Records excerpted from a collection.
┄┄┄┄┄┄┄┄┄┄┄┄┄┄┄┄┄┄┄┄

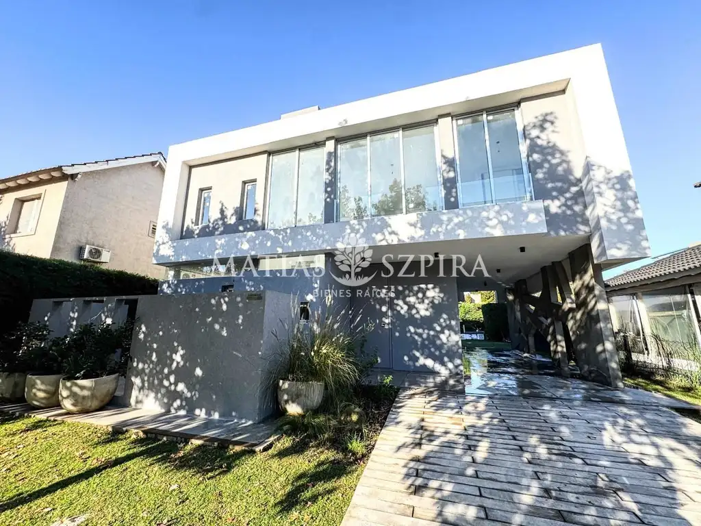 Desarrollada en dos plantas, al ingresar nos recibe la cocina equipada con mesada de mármol negro y barra desayunadora integrada, alto y bajo mesada con múltiples compartimentos, mueble tipo cava, anafe y horno eléctricos y extractor, lavadero y un toilette. Continuando, se presenta un espacio de doble altura, muy amplio y luminoso, funcional a living-comedor con segundo ingreso por ventanales que brindan segundo ingreso desde el parque, con galería, parrilla y piscina.
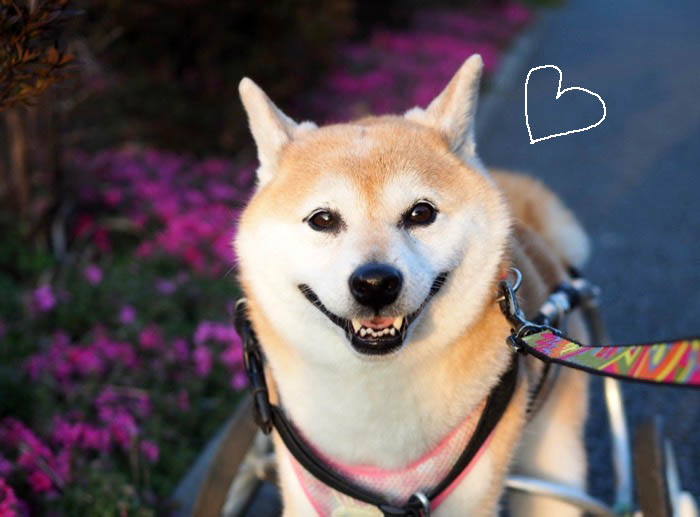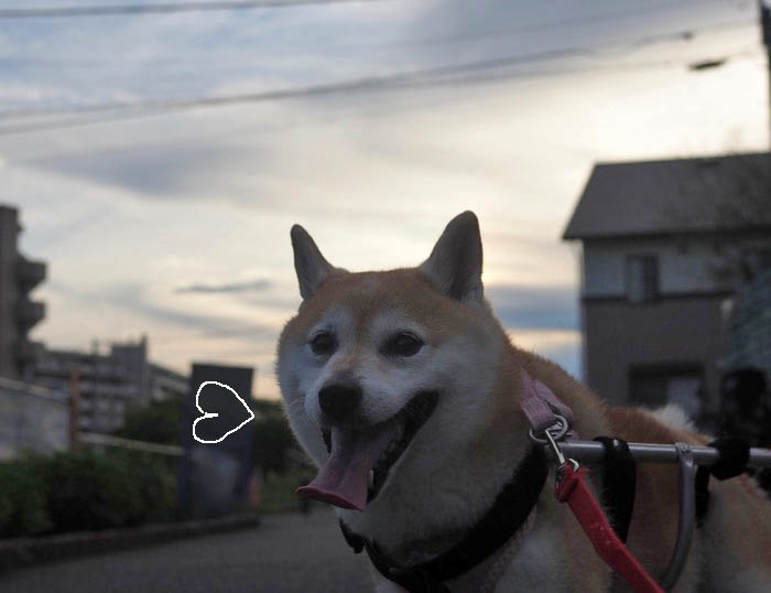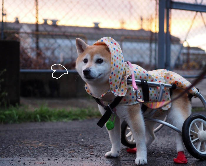 夕方の散歩に行くため、車椅子の装着を待っているあん。歩き始めると、空は夕焼け。5時過ぎにはかなり涼しくなるので、夕日をバックに気持ちよく歩けます。散歩道のあちこちで、コスモスが咲いている。空の色も、コスモスのシルエットも、余りに美しく、心にしみる♡でも、
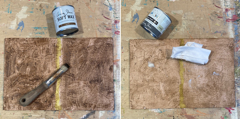 - 次に、ダークワックスをクリアワックスが適用された全面にワックスブラシもしくは布を使って塗り込みます。この段階でひび割れた亀裂の中にダークワックスが入り込むようしっかり塗り込みます。全体に塗りこんだ後は綺麗な布でダークワックス全体を拭き取ります。
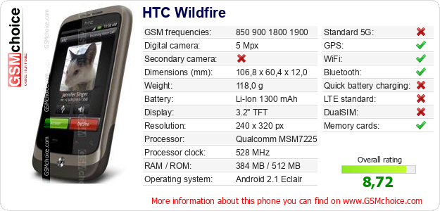 Do you have your website? Do you want to insert information about basic phone data of HTC Wildfire somewhere? It is very easy. You can download the picture, or copy and paste the code below on the page:Pasting this code will display the following image:
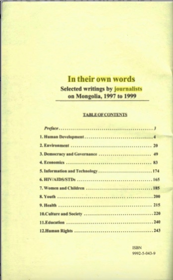 In Their Own Words: Selected Writings by Journalists on Mongolia, 1997-1999, Editor-in-Chief: David South, Research Editor: Julie Schneiderman (ISBN 99929-5-043-9): In their own words compiles by theme the vast number of stories and features by journalists on Mongolia’s transition experience from 1997 to 1999. A rich and unusual resource for a developing country, this book offers the reader a one-stop snapshot of how a country handles the wrenching social, political, cultural, economic and environmental challenges of changing from one political and economic system to another.
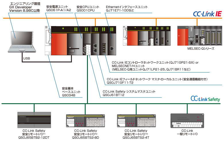 | CC-Link Safety system master | QS0J61BT12 * | Maximum number of stations: 64 (up to 42 safety stations) |
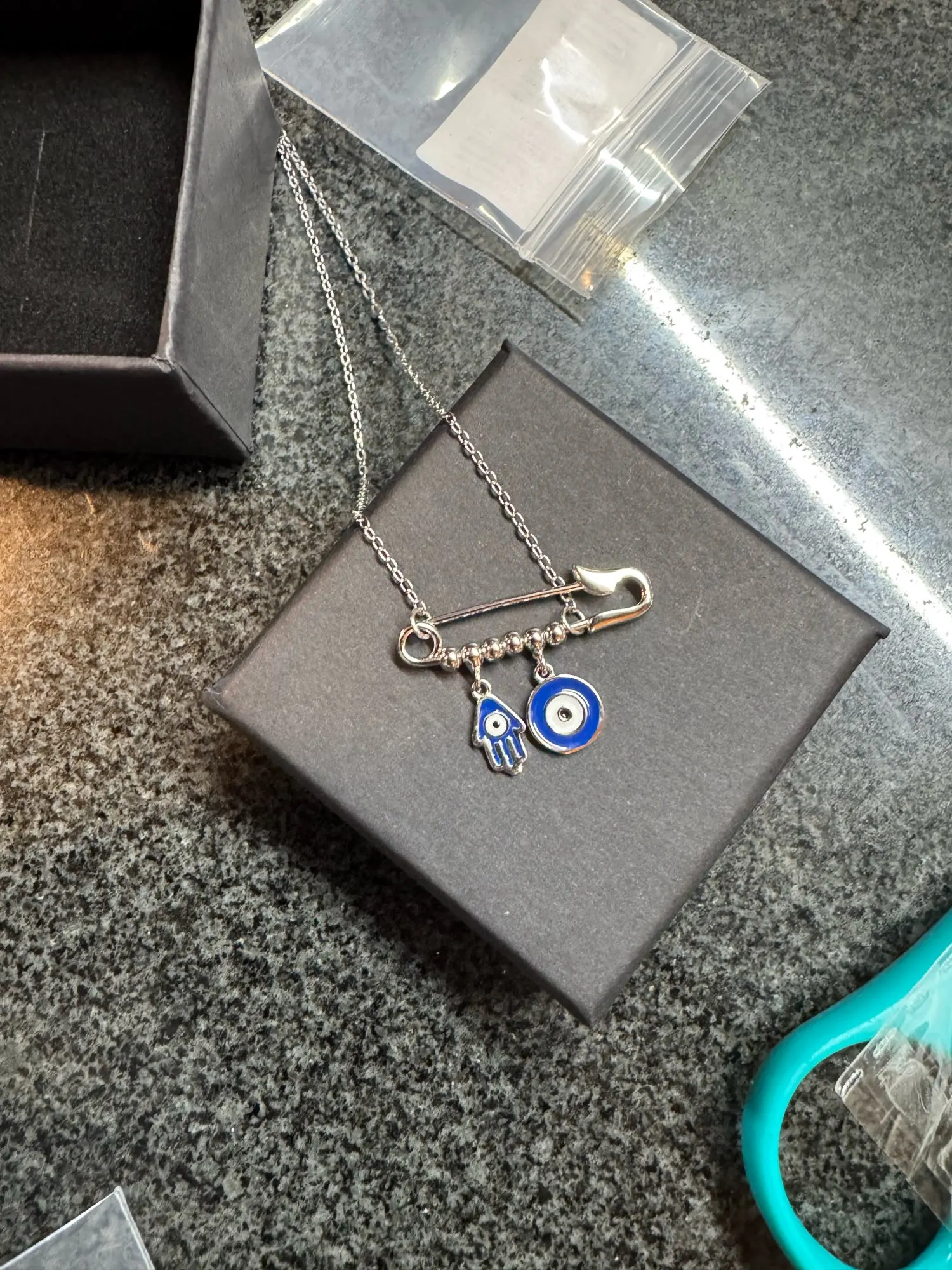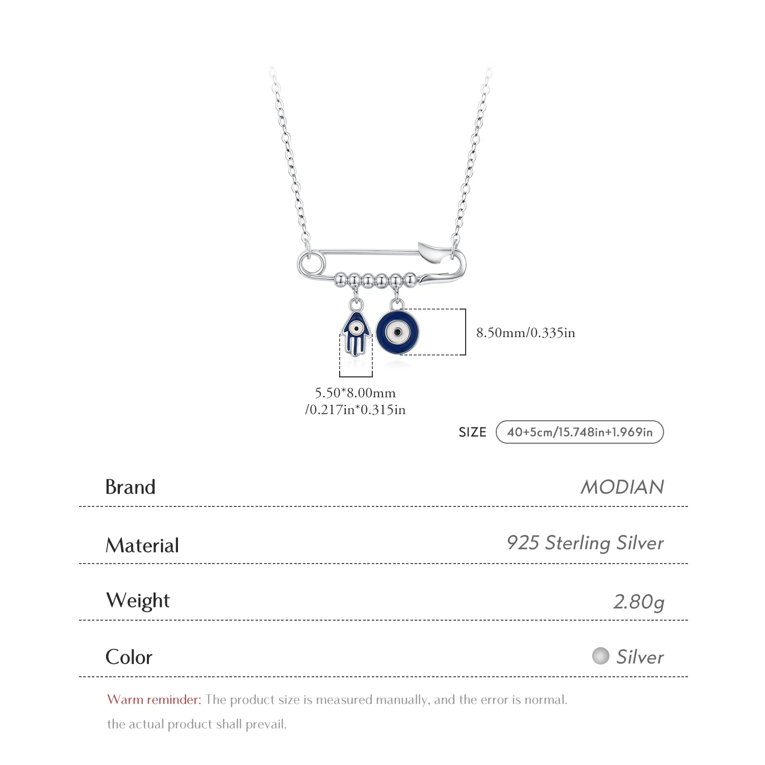 4 reviews for MODIAN 925 Sterling Silver Blue Enamel Eyes & Palm Charms Pendant Necklace P …
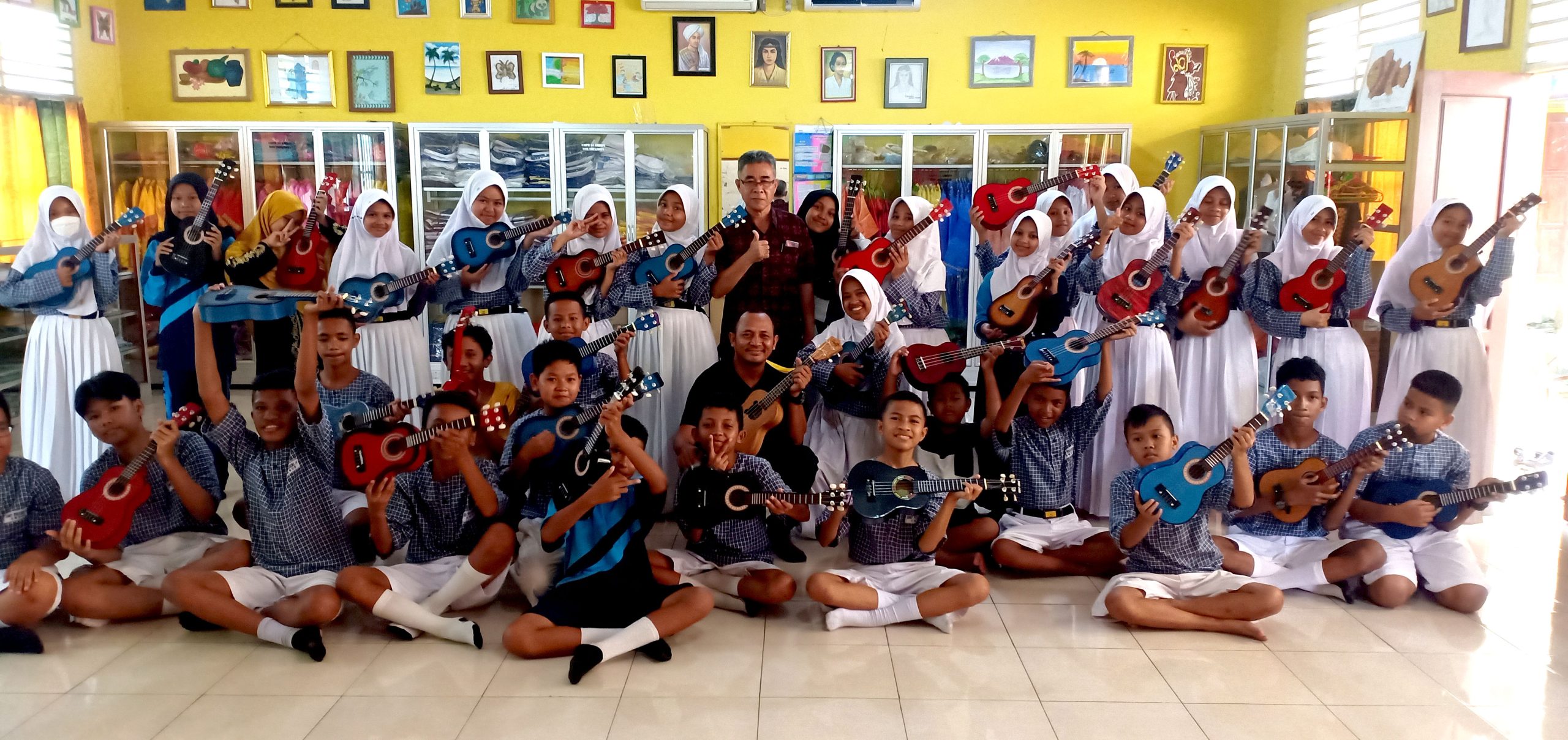 Jadi untuk sementara ini sekolah sediakan ukulele sebanyak 50 buah,hal ini untuk memotifasi anak-anak yang lain untuk membeli ukulele juga.
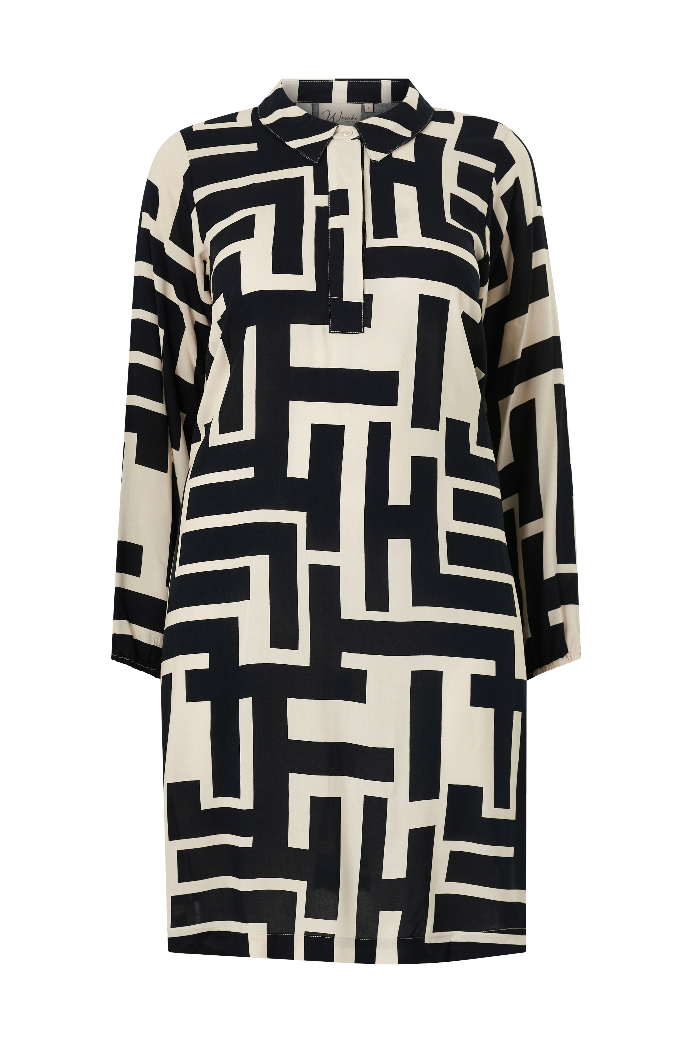 • Kjole i viskose• Krave• En synlig knap• Tre skjulte knapper• Lange ærmer med tynd elastik ved manchetterne• Store størrelser• Længde: 104 cm i størrelse S
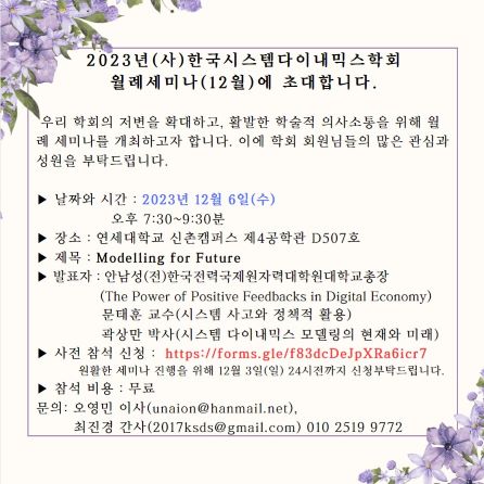 [한국시스템다이내믹스학회] 2026년 동계학술대회(2월 27일)에 초대합니다...
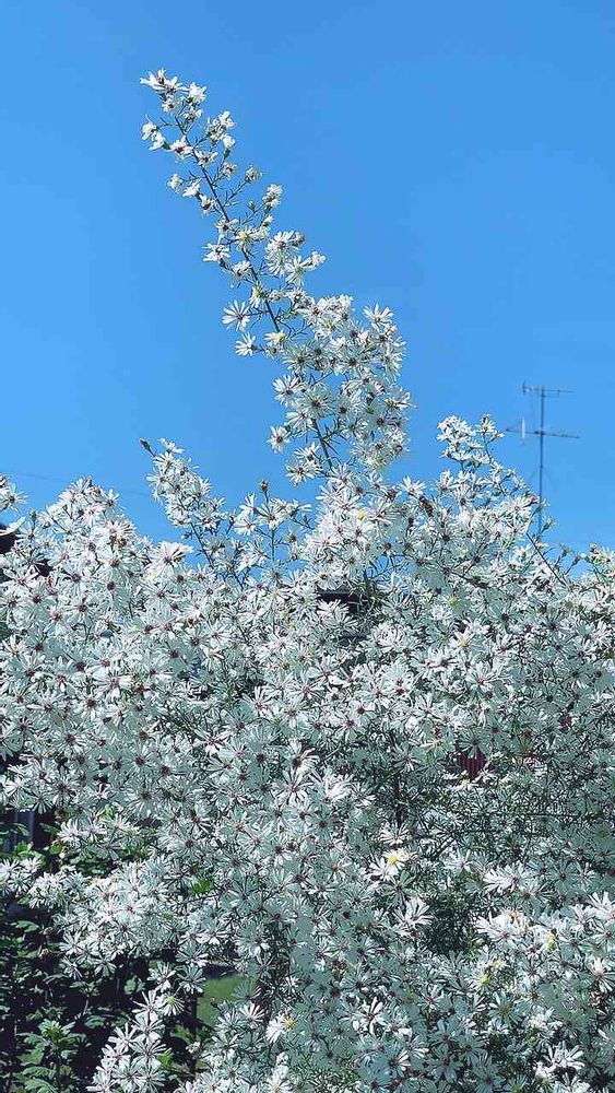 孔雀アスター綺麗よね🎵まっしろで💚我が家にも咲いてるけど切り花にしてるわよ❤️枝下てるから支柱たててしばってるわよ😅
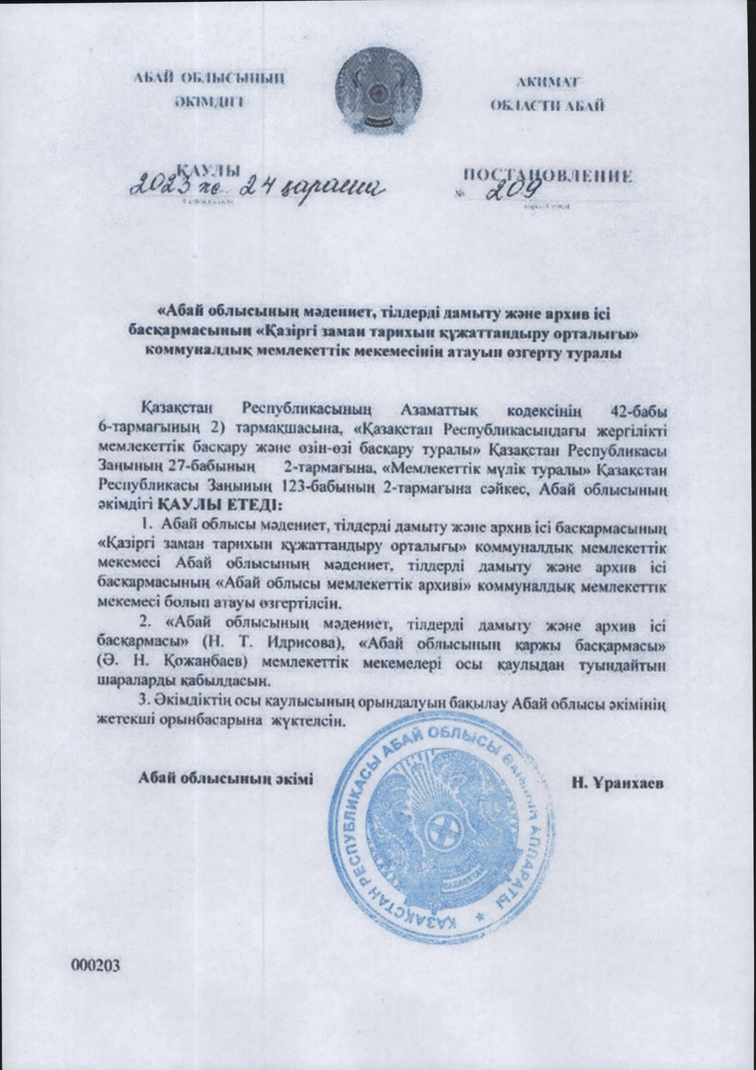 Абай облысының мемлекеттік архивіне 105-жыл

┄┄┄┄┄┄┄┄┄┄┄┄┄┄┄┄┄┄┄┄

Work request.
From the first line to the last, give the data again exactly, but without pictures.

Result.
 Desarrollada en dos plantas, al ingresar nos recibe la cocina equipada con mesada de mármol negro y barra desayunadora integrada, alto y bajo mesada con múltiples compartimentos, mueble tipo cava, anafe y horno eléctricos y extractor, lavadero y un toilette. Continuando, se presenta un espacio de doble altura, muy amplio y luminoso, funcional a living-comedor con segundo ingreso por ventanales que brindan segundo ingreso desde el parque, con galería, parrilla y piscina.
 夕方の散歩に行くため、車椅子の装着を待っているあん。歩き始めると、空は夕焼け。5時過ぎにはかなり涼しくなるので、夕日をバックに気持ちよく歩けます。散歩道のあちこちで、コスモスが咲いている。空の色も、コスモスのシルエットも、余りに美しく、心にしみる♡でも、
 - 次に、ダークワックスをクリアワックスが適用された全面にワックスブラシもしくは布を使って塗り込みます。この段階でひび割れた亀裂の中にダークワックスが入り込むようしっかり塗り込みます。全体に塗りこんだ後は綺麗な布でダークワックス全体を拭き取ります。
 Do you have your website? Do you want to insert information about basic phone data of HTC Wildfire somewhere? It is very easy. You can download the picture, or copy and paste the code below on the page:Pasting this code will display the following image:
 In Their Own Words: Selected Writings by Journalists on Mongolia, 1997-1999, Editor-in-Chief: David South, Research Editor: Julie Schneiderman (ISBN 99929-5-043-9): In their own words compiles by theme the vast number of stories and features by journalists on Mongolia’s transition experience from 1997 to 1999. A rich and unusual resource for a developing country, this book offers the reader a one-stop snapshot of how a country handles the wrenching social, political, cultural, economic and environmental challenges of changing from one political and economic system to another.
 | CC-Link Safety system master | QS0J61BT12 * | Maximum number of stations: 64 (up to 42 safety stations) |
 4 reviews for MODIAN 925 Sterling Silver Blue Enamel Eyes & Palm Charms Pendant Necklace P …
 Jadi untuk sementara ini sekolah sediakan ukulele sebanyak 50 buah,hal ini untuk memotifasi anak-anak yang lain untuk membeli ukulele juga.
 • Kjole i viskose• Krave• En synlig knap• Tre skjulte knapper• Lange ærmer med tynd elastik ved manchetterne• Store størrelser• Længde: 104 cm i størrelse S
 [한국시스템다이내믹스학회] 2026년 동계학술대회(2월 27일)에 초대합니다...
 孔雀アスター綺麗よね🎵まっしろで💚我が家にも咲いてるけど切り花にしてるわよ❤️枝下てるから支柱たててしばってるわよ😅
 Абай облысының мемлекеттік архивіне 105-жыл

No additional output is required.